Moreover, m6A RNA methylation regulators' mRNA expression levels and their post-transcriptional regulations were also affected by a variety of factors. Yang et al.28 found that YTHDF2 was significantly associated with hepatocellular carcinoma, that miR-145 could target the 3′ UTR of YTHDF2 mRNA, and that miR-145 was negatively correlated with the expression level of YTHDF2 mRNA in HCC tissues. In non-small cell lung cancer (NSCLC), miR-33a downregulates the expression of METTL3, then decreases expression of the downstream genes EGFR, DNMT3A, and TAZ and inhibits NSCLC cell proliferation.29 Du et al.30 discovered that SUMOylation of METTL3 significantly reduces its m6A methyltransferase activity, leading to decreases of m6A levels in mRNAs, which directly enhanced tumorigenesis in lung cancer. Other investigations have also shown that m6A mRNA expressions and m6A enzyme activity are regulated by a variety of molecular mechanisms, and these specific mechanisms need further study.
Numerous studies have shown that m6A modification regulators might play a role in cancer pathogenesis, but how they interact with lncRNAs during CRC progression is still unclear. lncRNAs, which were extensively modified by m6A regulators, controlled gene expression and cellular biology at both transcriptional and post-transcriptional levels.31 IGF2BP2 serves as a reader for stabilizing DANCR RNA and regulating the expression of lncRNA DANCR; then IGF2BP2 and DANCR work together to stimulate stem cell properties and carcinogenesis in pancreatic cancer.32 METTL3-mediated modification led to LINC00958 upregulation by stabilizing its RNA transcript, and LINC00958 sponged miR-3619-5p to upregulate hepatoma-derived growth factor (HDGF) expression, thereby facilitating HCC lipogenesis and progression.33 Yang et al. identified that low expression of METTL14 substantially abolished the m6A level of XIST, and increased XIST expression caused proliferation and metastasis of CRC. Furthermore, they found that m6A reader YTHDF2 could recognize m6A-methylated XIST to mediate the degradation of that lncRNA.34 lncRNA FOXM1-AS could enhance the coaction of ALKBH5 and FOXM1 and lead to the sustainability of glioblastoma cell stemness.35 We demonstrated that m6A modification of lncRNAs could affect the occurrence and progression of cancers, and lncRNAs might act as competing endogenous RNA (ceRNAs), targeting m6A regulators to influence tumor invasiveness. Therefore, we believe that lncRNA is one of the important targets of m6A modification regulators, and close attention should be paid to the interactions of m6A modifications and lncRNAs so that potential prognostic markers or therapeutic targets of cancers may be identified.
We explored m6A-related lncRNAs by WGCNA and LASSO Cox analysis; 37 prognostic m6A-related lncRNAs were identified from CRC subjects in the training dataset, and 24 of them were selected to generate the m6A-related lncRNA signature.

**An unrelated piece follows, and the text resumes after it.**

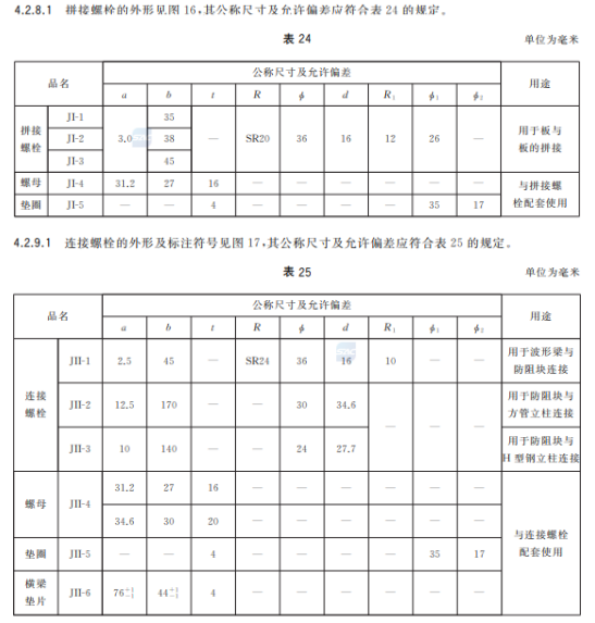 j) 更改了拼接螺栓连接副和连接螺栓连接副的用途、规格、公称尺寸及允许偏差(见4.3.8、4.3.9、5.2.8.1、5.2.8.3、5.2.9.1和5.2.9.3,2015年版的3.3.8、3.3.9、4.2.8.1和4.2.9.1);
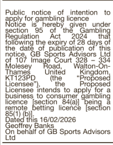 GB Sports Advisors LTD 20 Feb 26 Operator: GB Sports Advisors LTDDate of Publication: 14/02/2026Publication Name: The Irish IndependentLicence Type (s): Remote Betting Related Content

The expression of LINC00702 was decreased in CRC and promoted cell proliferation, migration, and invasion by enhancing the PI3K/AKT pathway via inhibition of PTEN expression.36 It has been reported that lncRNA SNHG3 increases the malignancy of CRC by regulating the miR-539/RUNX2 axis37 and promotes stem cell-like properties of gastric cancer by regulating the miR-3619-5p/ARL2 axis.38 Vishnubalaji et al. demonstrated that LINC01614 was an unfavorable prognostic marker in breast cancer, which was associated with the HR+/HER2+ BC molecular subtype and regulation by TGFβ and FAK signaling.39 Except for the above lncRNAs, reports on how the 21 residual m6A-related lncRNAs are associated with cancer progression and how the lncRNAs interact with m6A regulators are rare. Thus, we expect that the prognostic lncRNAs we identified in this study might have potential associations with m6A regulators, thereby providing insights into their underlying mechanisms in CRC tumorigenesis and progression.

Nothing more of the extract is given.